The highlights of this Wednesday will be the visits of important guests of the Tofifest. Jiří Menzel who yesterday received a Golden Angel, will be joined by Dagur Kari and Grzegorz Królikiewicz. Wednesday is also going to be a day of film discussions within the Restarting Polish Cinema project, full of interesting screenings.
Among the festival screenings of the day well see, for example, movies taking part in the main On Air competition: the Iranian “Bedroud Baghdad / Farewell Baghdad” by Mahdi Faweri, the Belgia “Adem/Oxygen” by Hans Van Nuffel and “Tilva Roš / Tilva Rosh” by Nikola Razaic.
The spectators will be able to choose from a number of meetings with artists. At the Baj Pomorski an encounter with Dagur Kari (Iceland) will take place: the guest is a member of the Tofifest 2011 jury and the winner of the Golden Angel for Eminent Young Artists of the European Cinema. Kari is very popular filmmaker in Poland. He’s the author of such great pictures as “Noi the Albino” and “Dark Horse”. After the screening of “Ostre sledované vlaky” (“Closely watched trains”), Jiří Menzel, the laureate of this year’s Special Golden Angel at the Tofifest, will deliver his masterclass, i.e. a special lecture the subject of which is going to sound “My inspiration with Hrabal”.

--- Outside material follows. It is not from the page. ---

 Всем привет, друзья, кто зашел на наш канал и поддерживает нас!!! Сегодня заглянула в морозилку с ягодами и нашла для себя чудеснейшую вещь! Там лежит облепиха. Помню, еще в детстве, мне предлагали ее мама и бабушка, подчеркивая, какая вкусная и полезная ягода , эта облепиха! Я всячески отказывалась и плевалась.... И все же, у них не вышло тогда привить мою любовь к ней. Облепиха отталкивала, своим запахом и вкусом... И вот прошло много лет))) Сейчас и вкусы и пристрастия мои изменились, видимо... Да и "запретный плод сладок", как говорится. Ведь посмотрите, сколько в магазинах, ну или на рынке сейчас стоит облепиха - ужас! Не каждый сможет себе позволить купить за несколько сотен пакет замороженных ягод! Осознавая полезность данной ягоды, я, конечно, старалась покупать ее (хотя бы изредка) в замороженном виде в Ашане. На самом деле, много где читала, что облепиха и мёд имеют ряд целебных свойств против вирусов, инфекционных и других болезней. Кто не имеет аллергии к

We are also going to be joined by a Polish cinematic master, Grzegorz Królikiewicz, a special guest of the 2011 Tofifest. The meeting with him will take place after the screening of “Na wylot” (“Right through”) which is presented in the Kino Przyszłości G. Królikiewicza section (Grzegorz Królikiewicz’s cinema of the future). The retropsection of Królikiewicz’s movies and his visit at the Tofifest are the biggest events dedicated to that director among all the Polish film festivals. The Tofifest is a partner of a great publication by the Ha!Art Publishing House, an extended interview with Królikiewicz entitled “Tworzę dla przyszłości” (“Creating things for the future”). Grzegorz Królikiewicz is a director and a scriptwriter, a professor and a teacher for whole generations of Polish filmmakers. He’s a creator of experimental movie concepts, compared by some of the critics to Andy Warhol or Paul Morrissey. For many years he collaborated with Czesław Niemen. He won awards in Gdynia, Karlovy Vary and Mannheim. In Toruń he’s going to deliver a masterclass and meet the audience after the screenings of “Tańczący jastrząb” (“The dancing hawk”), and “Przypadek Pekosińskiego” (“The Pekosiński case”). Królikiewicz is another great figure, still undiscovered, that we present to our audience at the Tofifest. The Torunian festival has already discovered an number of artists for the Polish viewers: the Dutchman Theo Van Gogh, the Swiss Allain Tanner, or Ken Russel from Great Britain.
An immensely interesting point of the schedule is going to be the discussion held within the project called: “Restarting Polish Cinema: New historic cinema in Poland — multiplying the narration”. Its participants will be Piotr Kletowski, Piotr Marecki, Joanna Ostrowska, Jakub Majmurek, Małgorzata Radkiewicz. The meeting of this think-tank, struggling in favour of “restarting” Polish Ciemna, will be open for the audience and the festiwal guests.
Equally interesting, yet radically different, is the meeting and projection of two simple amateurish materials from seventy years backwards, which discovery was accompanied by TOFIFEST. These films are: “Torun 1939” and “Warsaw 1938”, which are being shown in category “Localizations”. The meeting will be held by Szymon Spandowski from editorial office of Nowości. It is he, who made the discovery of those pre-war documentary films, shot by film amateur Bogusław Magiera, showing Torun and Warsaw in 1938 and 1939. The films went for the regular presentation in Kino Centrum CSW in Torun. The films met huge popularity of audience. The discovery intensified the absorption for history of cinema in Torun. The disclosure of the Warsaw part fructified with the proposition of incorporating the film to the collection of National Film Library and Historical Museum of the city of Warsaw.
The audience will also meet Paweł Kosuń, the head of the production of the film “If fish could talk” from the Shortcut competition, and with Mahdi Naderi, the director of the competitive film “Farewell Baghdad”.
The day will be closed with TOFIFEST at night — FestClub ENERDE, when from 10 p.m. the audience will be able to hear the JAM SESSION Enerde / Bar Stage: ZIGGY DUST.